It is a simple oscilloscope project based in a SX28 microcontroller from UBICOM, it doesn't try to be an exact instrument measurement, only try to demostrate, with a very low cost and low quantity of materials, how much we could get from an SX28 plus the EPP parallel port in a PC.
Let me to leave to the people who read this article to experiment with it, make some changes, or apply new ideas. If you like you could write to me at TakeThisOuTbtxsistemasTakeThisOuT at -Remove-ciudad.com.ar .
I accompany in this article, the complete schematic diagram for the scope, a picture with the software in action and all source code, for both the SX (osc.src) and the PC (sxo-cpp.zip). [ed: a board layout was also submitted for the Olimex sponsored PCB contest]
The project is in a basis of two parts, one is the SX code which implement all A/D conversion, the EPP communication, and the sampling of the wave to measure.
The second part is the PC software that only reads the samples sent by the SX and show its in a window.
This lets the PC software to be not responsible about the maximum wave frequency to be tested, and leave to the SX code all the quickly job, taking advantage of the 50 MIPS.
I think that using a different A/D converter in this project, you could get more than 5 Mhz wide of band for the scope.
The original idea to take samples as quickly as possible with the SX28 in this project is the following:
The samples taken by the A/D converter will be only 128 (total) each PC screen, to do all the things quickly, Ive put all samples in the SX RAM memory, so after each sample taken by the AD converter, I save it in a different memory address, which will be incremented by the IND register for the next samples, once the input wave was sampled an the memory if obviously full, I send the entire SX memory content to the PC parallel port to show it in the PC screen. And then all begins again.
You could see at the code that I am sending, to look for all this. Youll see at the first part of code too, that I check for the SW1 switch, to know which will be the time-base to use. I try to get three different levels, one is the most quickly, where the samples are taken only one time each ,in the second I take ten times the same sample loosing time, and in the third 100 times to loose more time for lower frequencies. Why I used this method ?? because I lose a proportional time in a different time-base without caring the cycles in each part of the code.
OK at this point we have a lot of different possibilities to change or to add, I think the first and most important to get more speed, for measure higher frequencies, is the change of the AD converter, in this project to demonstrate the work, I was using the ADC08831 which have a conversion time of 4 uSseg.
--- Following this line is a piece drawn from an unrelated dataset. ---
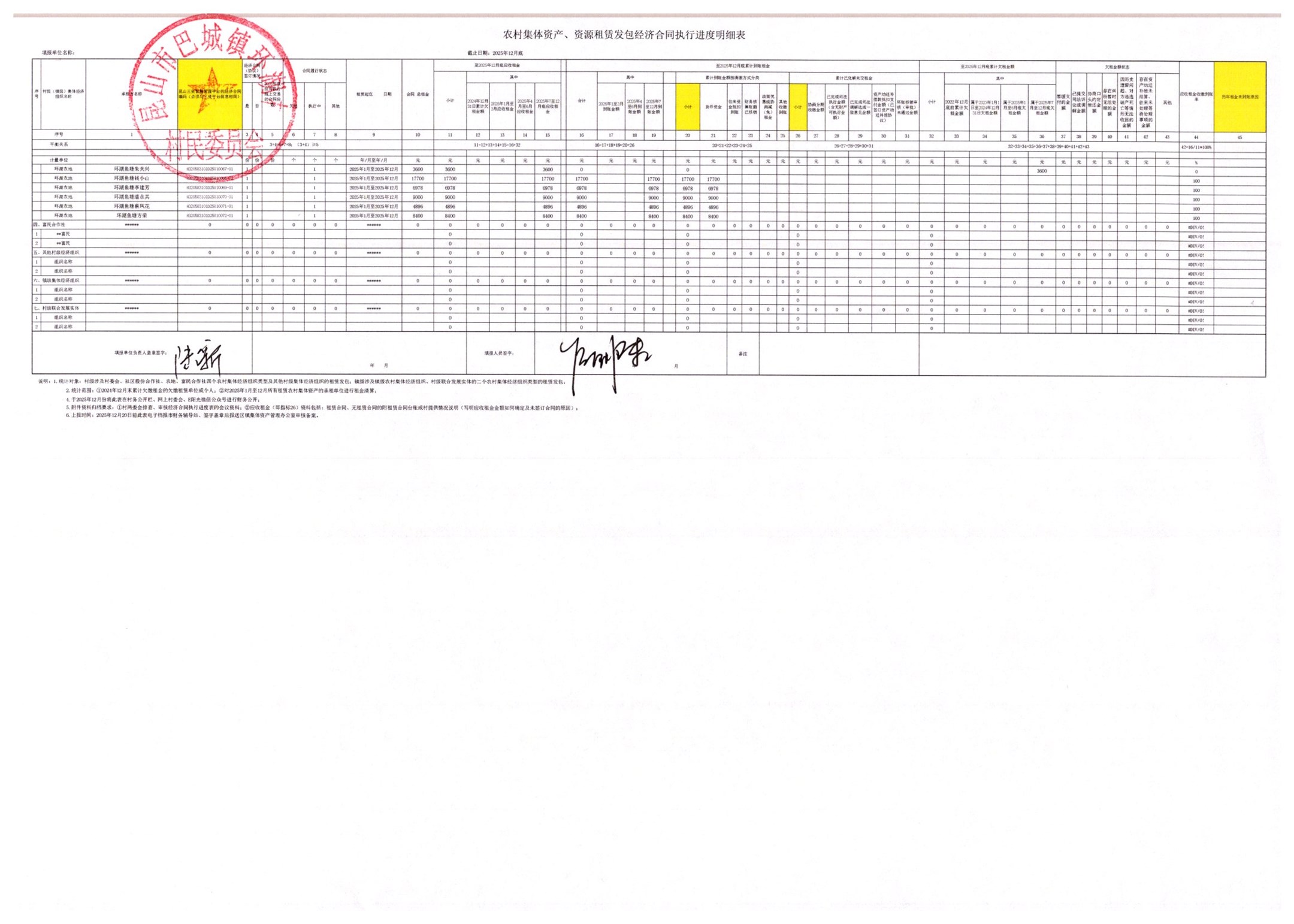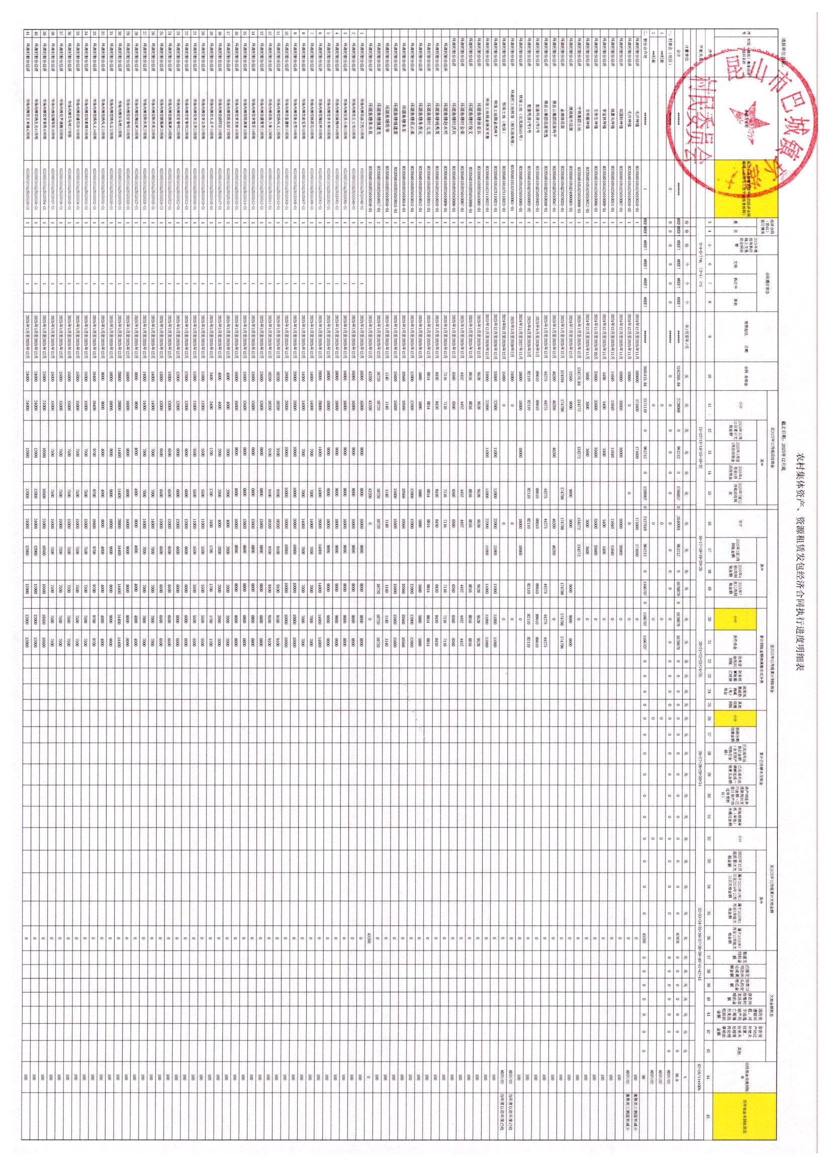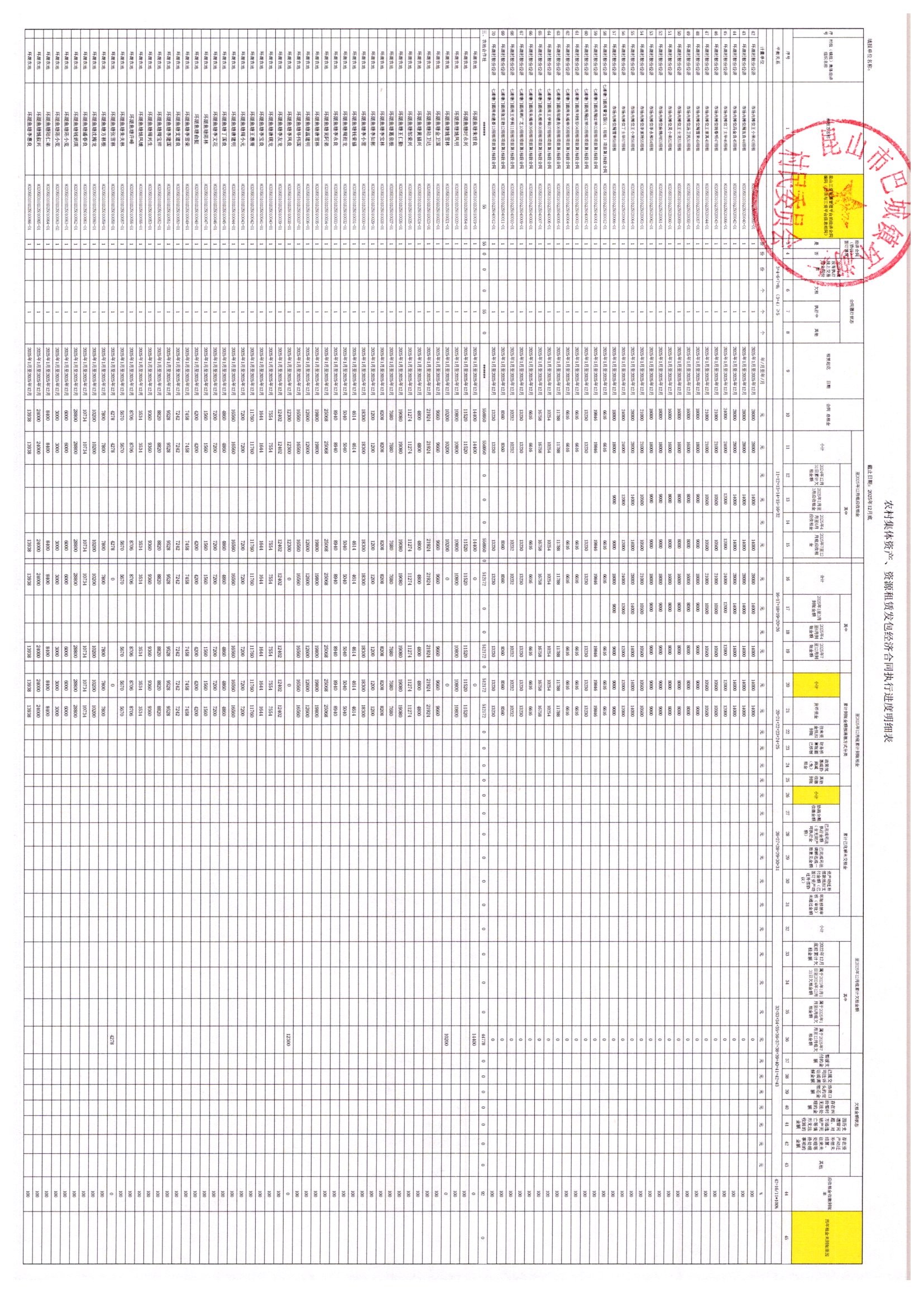 2025年12月农村集体资产、资源租赁发包经济合同执行进度明细表

Max, so think about a parallel FLASH AD converter would be tempting , per example clocked by an external clock unit, where all SX time needed to take a sample would be only read a entire RB port, and changing the EPP control handshaking lines to the RA free port pins.
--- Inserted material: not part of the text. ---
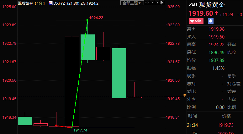 汇通财经APP讯——北京时间周三(1月18日)21:30,美国公布12月生产者价格指数显著走低,12月零售销售大幅萎缩,强化美联储进一步放慢加息步伐预期。截至发稿,现货黄金上涨逾6美元至1924.22...

And what do you think about to use a SX48 or SX52 ?? we could take 256 samples each time using the same method. And running at 100 Mhz. Wow !!.
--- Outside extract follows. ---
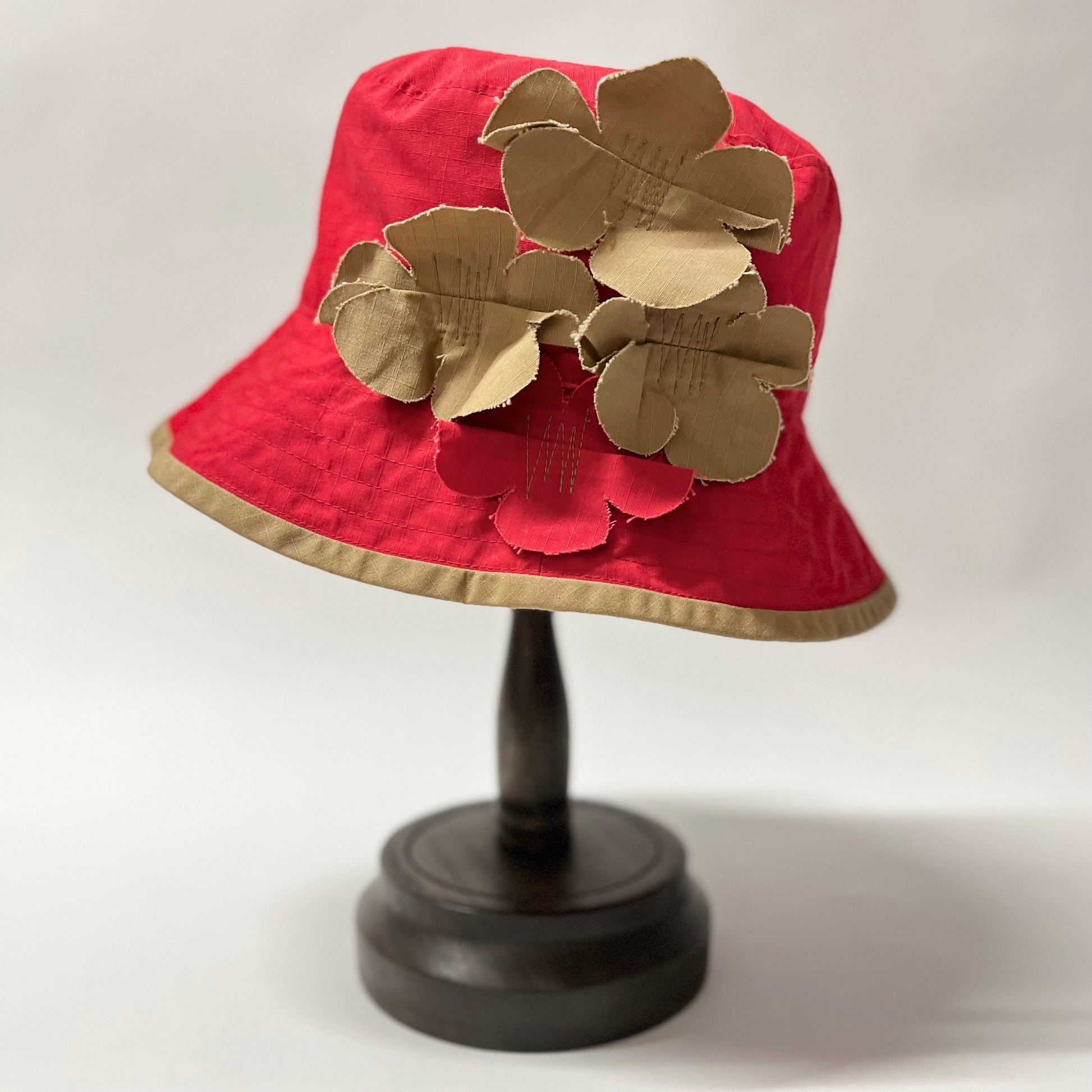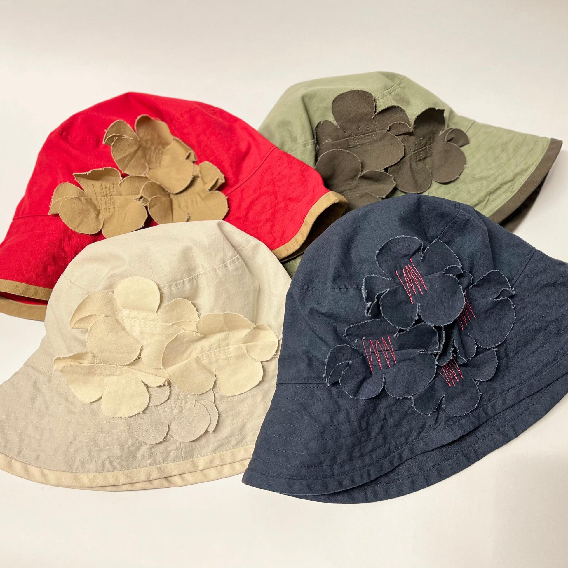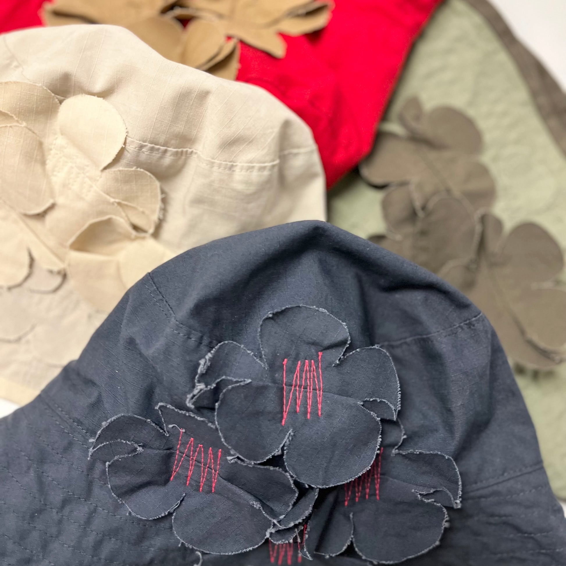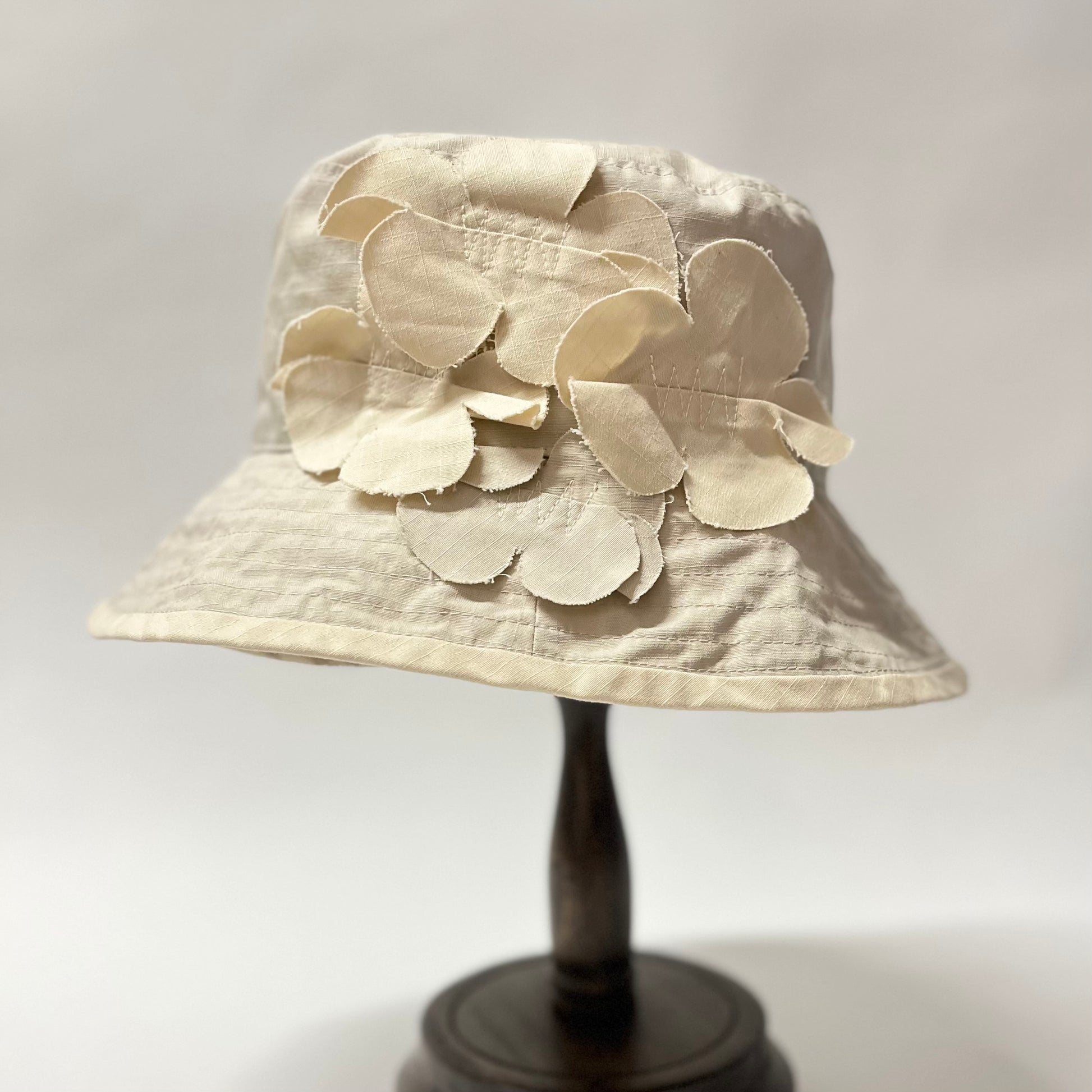 リップストップ生地で作った帽子に共生地の花弁をミシンステッチでとめつけたこのクロシェは、洗い加工を施すことでしわを気にせずにお楽しみいただけます。ブリムは上げても下げてもお好みで被っていただけます。軽やかでありながら、しっかりとした素材感が春の日差しにぴったりな帽子です。

It is better to think in a FIFO memory to save all samples, and get a bigger quantity of samples in each frame with a parallel FLASH AD converter like I said before, but, what will we do with the SX ?? perhaps we dont need it, so.. we could think a lot of different possibilities but that is your work ( If you have more time and money to try that ).
Finally, if you havent an ADC08831 to test the project, you can only replace the "conver" part of the SX code with just generated some numbers, simulating for example an square wave.
The PC software was entire programmed in Visual C++ 6.0, all the code is available for you , the idea was to create an small window into a dialog based application, which shows you the wave measured with the hardware. Let me call this window as the "view" window pls.
OK To obtain a good speed to redraw the view window, I created a DIB ( Device Independent Bitmap ) into this, and used the BitBlt function to draw the contents of it. Like I was not using "trigger" function for the Oscope in this project, I did the redraw each 250 mSeg , but you could adjust it until 1 mSeg to obtain a good quantity of frames / Sec. OK I could write several pages of text about all the code but in this article it is not the purpose, any doubts or suggests, let me know please.
I will comment now the principal parts of the code.
First at all, the size of the "view" window is 256 by 256 pixels, and all the job is cook in the "RenderView" function, just enter in this, I configured the LPT1 port and the the control port value to work with a EPP mode, immediately I read the 128 samples sent by the SX code and put them into an array named "buffer" in which I left each sample with a empty byte between them ( Ill explain, why this after). I did all the read part into a "for" loop, and then I correct the negatives values into another "for " loop, adding 256 if necessary.
If you are thinking about, why 256x256 pixels in the view with only 128 samples, the answer is, because I make an average of all samples taken by the SX and put its in the holes left in the buffer array, so after this our resolution will increase in 256 pixels sampled.
Like the maximum value sent by the SX for one sample is 255, here we have the 256 by 256 window view.
We can see into the RenderView function too, a piece of code with three "for" loops that draw the background screen and the black lines in the view.
Finally the type to pass, all buffer values into the DIB, needs to be looked with some care, because the DIB is drawn by one column each, instead rows.
I put a language check button, so you can check the better choice for you , and a pause button to obtain a freeze of the picture, plus a "file services" frame with two buttons, to save or load any pictures if you want.